👋 Welcome!

Findsight helps you explore and compare the core ideas from thousands of non-fiction works. Add one or more filters to the search below and click Find. Or jump straight into it with a random insight, click titles for more context, and use the → arrow to explore more related claims! Need help? Read the search guide.

How to search with Findsight

Findsight is a search engine that lets you explore non-fiction content based on claims — the key points made by sources. You can discover and compare claims from various sources, see how authors tackle issues differently, and navigate to related claims to create your own learning journey. You can also find links to the original books or article. This approach is called syntopical reading.

New to Findsight? Click the Random button to explore a random claim and related sources. Click titles for more context around highlighted claims, and use the arrow to explore more related claims.

Filters: Basic Filters

Findsight offers basic and AI-powered filters to refine search results. Let's start with the basics.

The mention filter works like Google, finding sources based on literal text. It's a good starting point but may lack precision. For example, searching "running" yields results about the sport, running a business, and state-run systems.

To refine results, use the references filter. Type "running" and select from suggestions. Suggestions marked "W" link to Wikipedia. Others are named entities — concepts referenced across sources, categorized for differentiation:

Skill running

is a named entity, note the category Skill

Run (baseball)

is a linked entity, note the Wikipedia icon

Add as many entities as needed, then choose whether a source must contain one or all to match using the dropdown. Clear the input and type something else to find new suggestions.

The discuss filter works like the references filter but targets topics — specific tags linked to a source. Topics appear below each result's title as an expandable list.

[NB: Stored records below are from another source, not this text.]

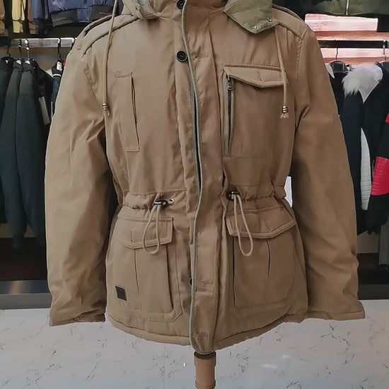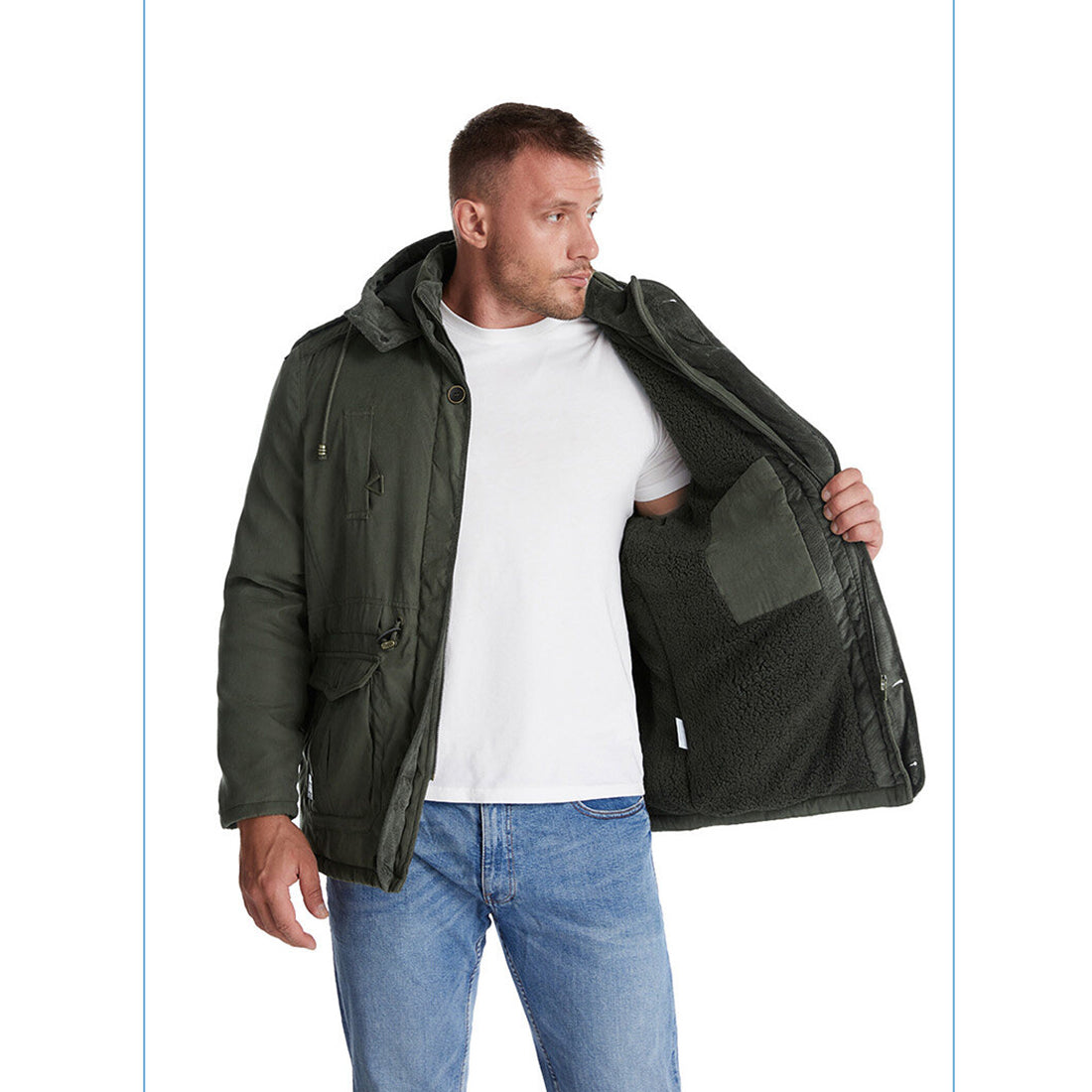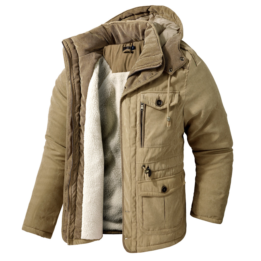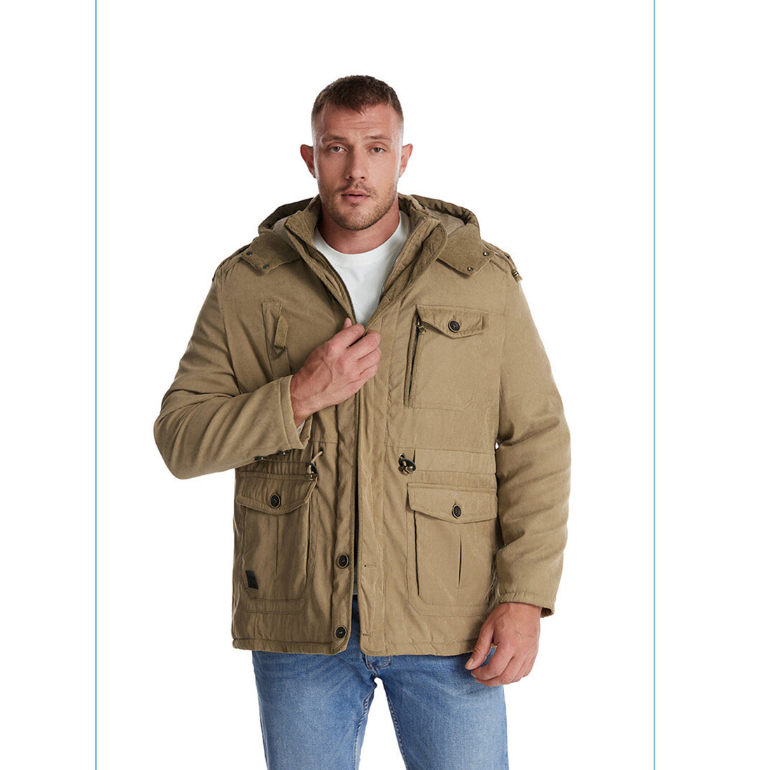 Thick Hooded Lamb Wool Men's Premium Multipockets Jacket | 3256
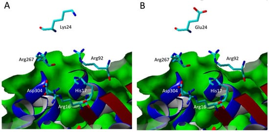 Mutation on phytase from Escherichia coli. (A): Location of residue K24 at surface of the pocket edge. (B): Substitution K24E. Part of the secondary structures was cut to reveal location of residues near the binding pocket using YASARA Structure software.
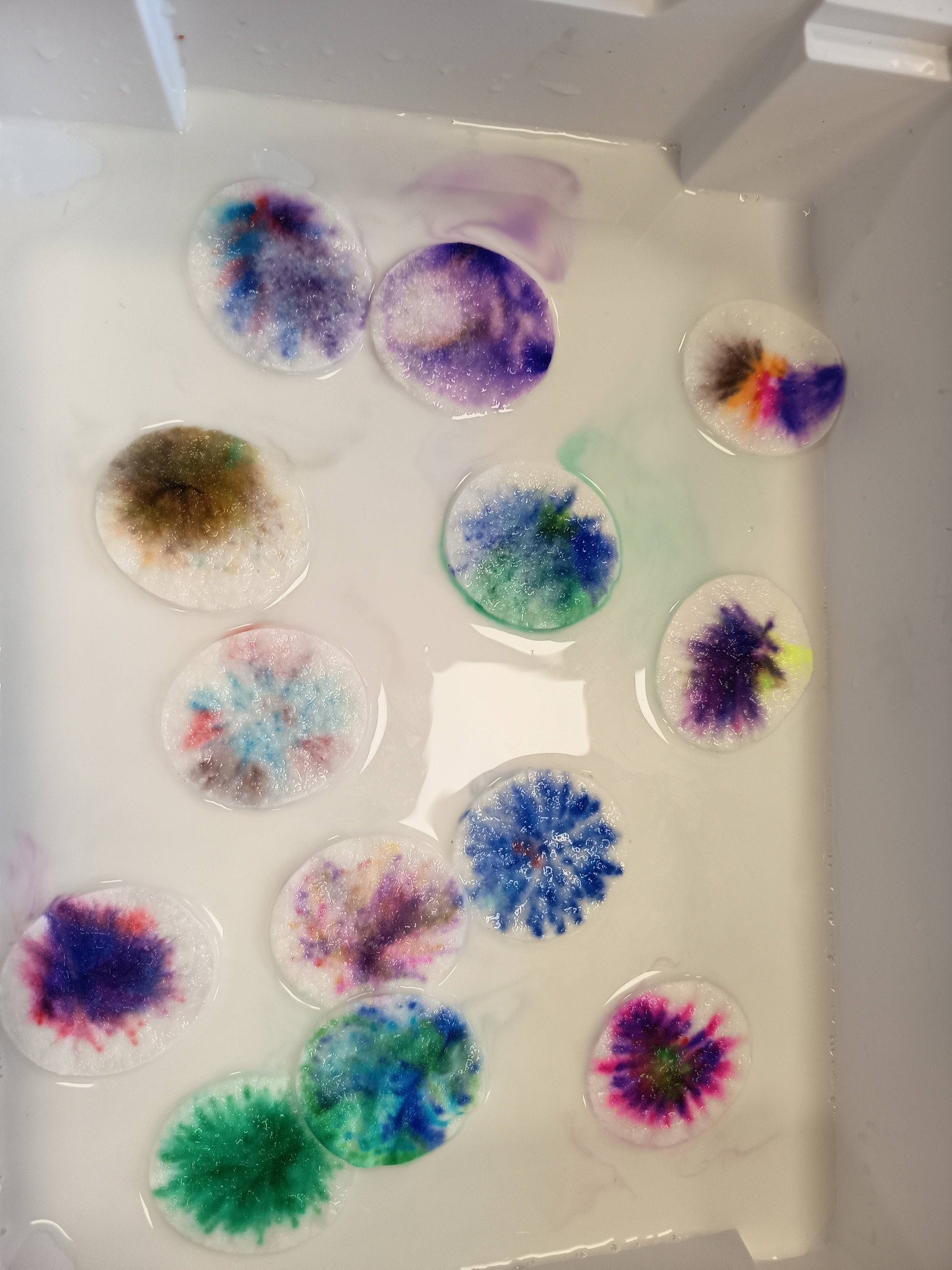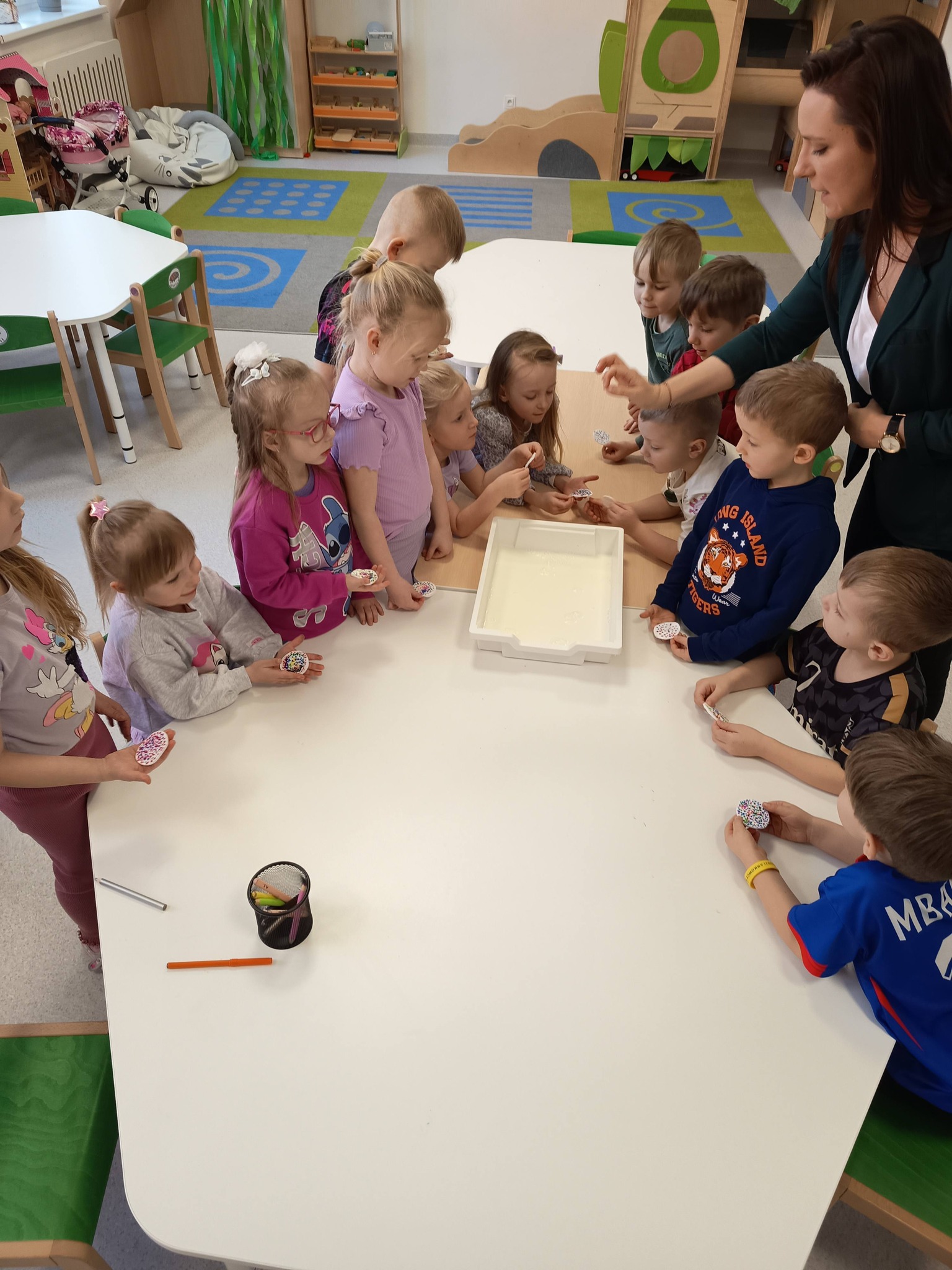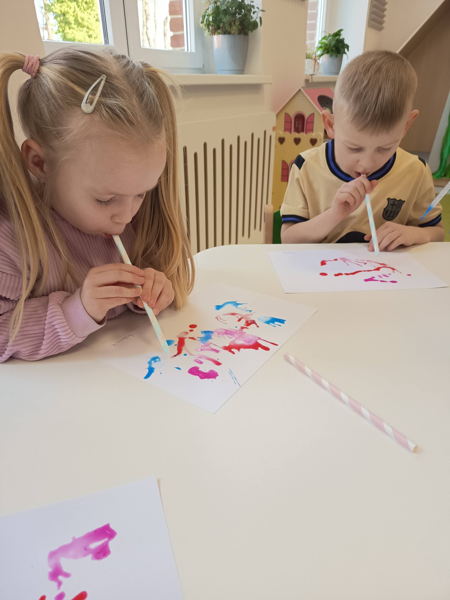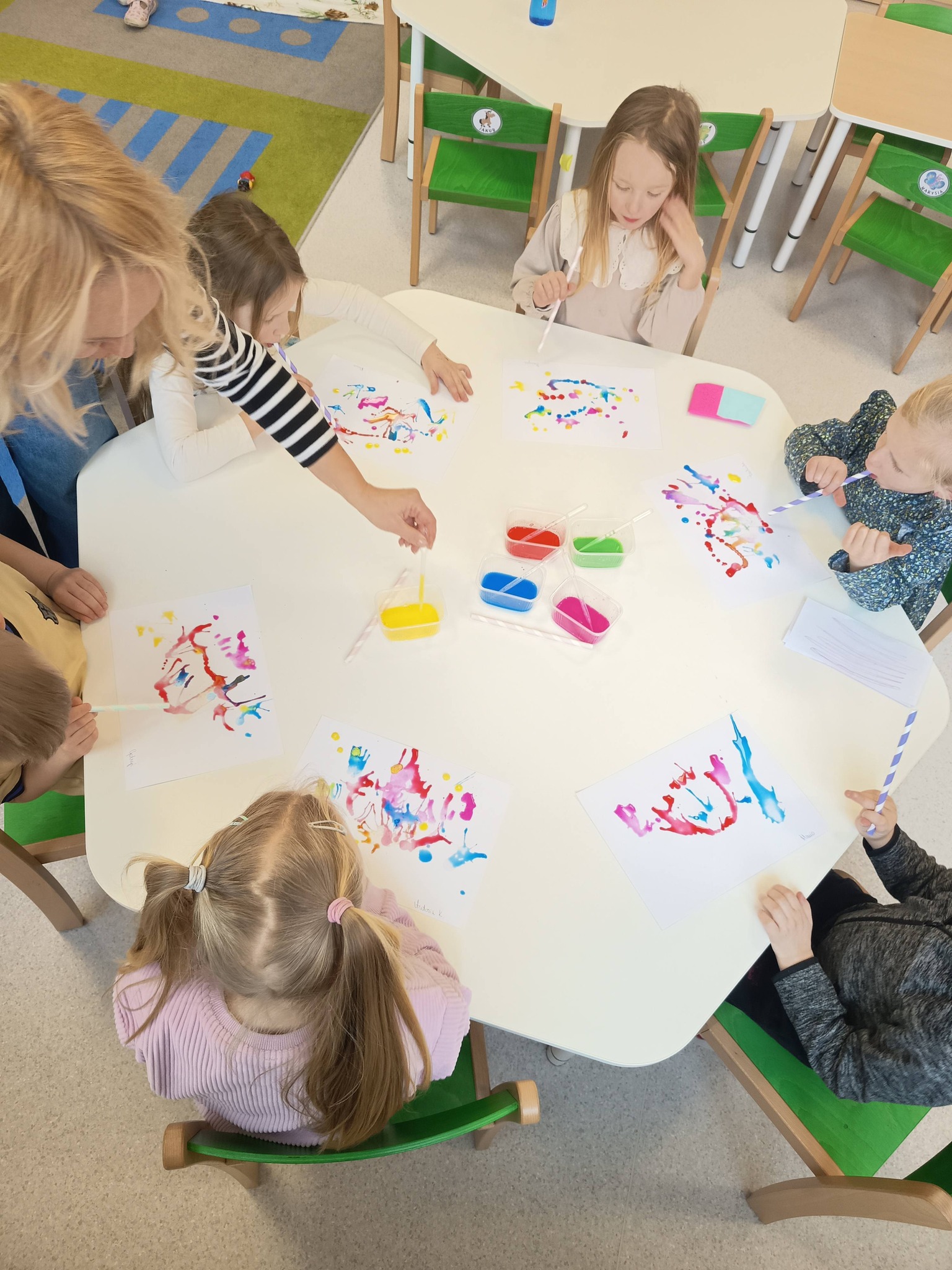 Podczas zajęć:🎨 sprawdzaliśmy, jak powstają piękne kolory, barwiąc mleko płatkiem kosmetycznym pomalowanym mazakami,🌬️ tworzyliśmy niezwykłe obrazy poprzez rozdmuchiwanie kleksów z farby,🎈 a także wykonaliśmy kolorowe gniotki z balonów, które świetnie sprawdzają się do ćwiczeń rączek i zabawy sensorycznej.

In the mention filter input, and in the search input for discuss and reference, you can use prefixes (asterisks) and alternatives using OR, e.g. dus* OR wash* will find both dusting and washrooms.

Filters: AI-powered Search

Note: You can run 50 searches using AI filters per day. You can run more by removing an AI filter.

Findsight's AI-powered filters, state and answer, enable advanced searching.

The state filter, also used by the Random button and explore arrow (), lets you enter a custom claim and find related claims — useful for citations.

The answer filter finds claims that address a question you enter, providing context and data to help answer it.